NPOが連携して「備える」倉庫完成

食品やリサイクル品を備蓄し、災害時は救援物資などに活用するNPOの拠点が、愛知県大口町にできました。

災害救援に取り組むNPO法人「レスキューストックヤード」(名古屋市東区、TEL 052-253-7550)が民間の倉庫を借り受け、昨年12月から最低1年半の計画で運用を開始。延べ約400平方㍍の一部2階建ての倉庫には、すでに非常食などが運び込まれています。

NPO間の連携のため愛知県大口町に整備されている倉庫
NPO間の連携のため愛知県大口町に整備されている倉庫

大地震などの災害時には、さまざまな救援物資が必要とされますが、被災者のいらないものが大量に送られて山積みとなったり、ボランティアらが整理に追われたりする状況は「物資による二次災害」とまで指摘されます。

同法人は20年前の阪神・淡路大震災などを教訓に、行政だけでは対応できないきめ細かい物資管理や送り方を考え、東日本大震災時にも名古屋市内の倉庫で救援物資を「パック化」して東北に送り届けました。

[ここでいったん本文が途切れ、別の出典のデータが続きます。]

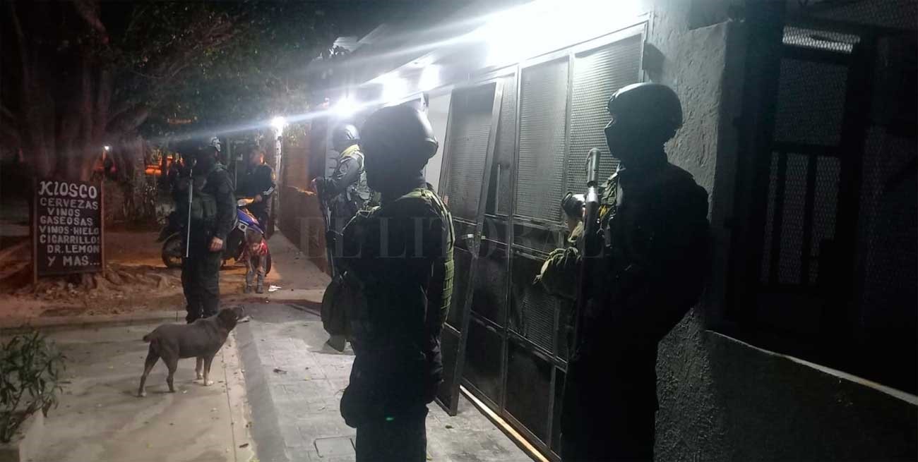 Cerca de medio centenar de policías arribaron minutos después de las 21, entre los que se encontraban agentes del Grupo de Operaciones Especiales (GOE); PDI; Ministerio de Seguridad y Justicia, Sección Perros y Bomberos Zapadores que acudieron con la morguera.
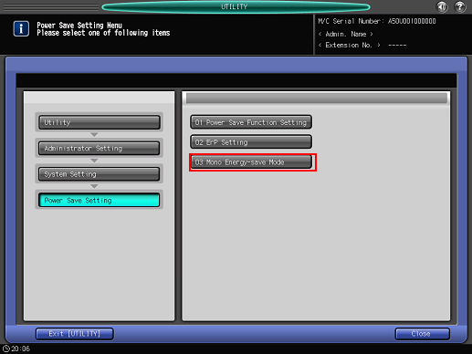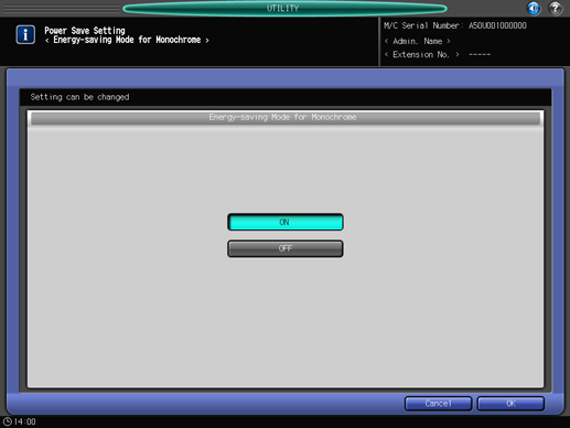 For subsequent operations, follow the same procedure as that in [User Setting] - [System Setting] - [Power Save Setting] - [Mono Energy-save Mode]. For details, refer to Mono Energy-save Mode: Using Energy-save Mode for Monochrome Printing.
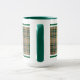 Coffee mug with the Farrell clan tartan, a classic plaid pattern in tan and green, with bright yellow, black, and white accents. Five styles available in two sizes.
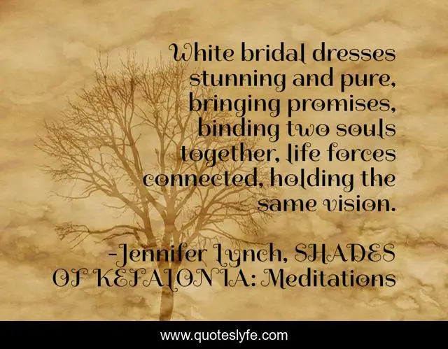 This page presents the quote "White bridal dresses stunning and pure, bringing promises, binding two souls together, life forces connected, holding the same vision.". Author of this quote is Jennifer Lynch, SHADES OF KEFALONIA: Meditations. This quote is about promises, souls, life-force, pure, bridal, vision,.
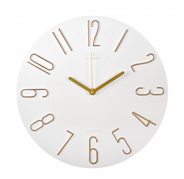 3010002 (10) Часы настенные d=30см, корпус белый+золото "Классика" ХАРАКТЕРИСТИКИ РАЗМЕР (ДХВХШ) 300х300х20 мм АРТИКУЛ 3010002 КОЛИЧЕСТВО В КОРОБКЕ 10 МАТЕРИАЛ Пластмасса, металл БАТАРЕЙКА работает от 1 батарейки АА "пальчиковая", в комплект не входит СТРАНАПРОИЗВОДИТЕЛЬ Россия ЧАСОВОЙ МЕХАНИЗМ С плавным ходом
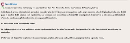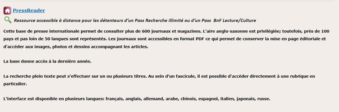- PressReader : près de 3500 titres internationaux dans plus de 60 langues – attention, cela nécessite un premier passage dans les murs de la BnF pour l'activer ;

今回、ボランティア用資機材などを含む物資が増えたことや、他のNPOとの連携を深めるためにも新しい倉庫を借りることに。民間企業の荷物などを引き受けることでの収益化も目指します。

代表理事の栗田暢之さんは「普段は別々のものを扱うNPOが災害時にしっかり連携できる。新しいビジネスモデルもつくってNPOが自立し、次の災害に備えたい」と話しています。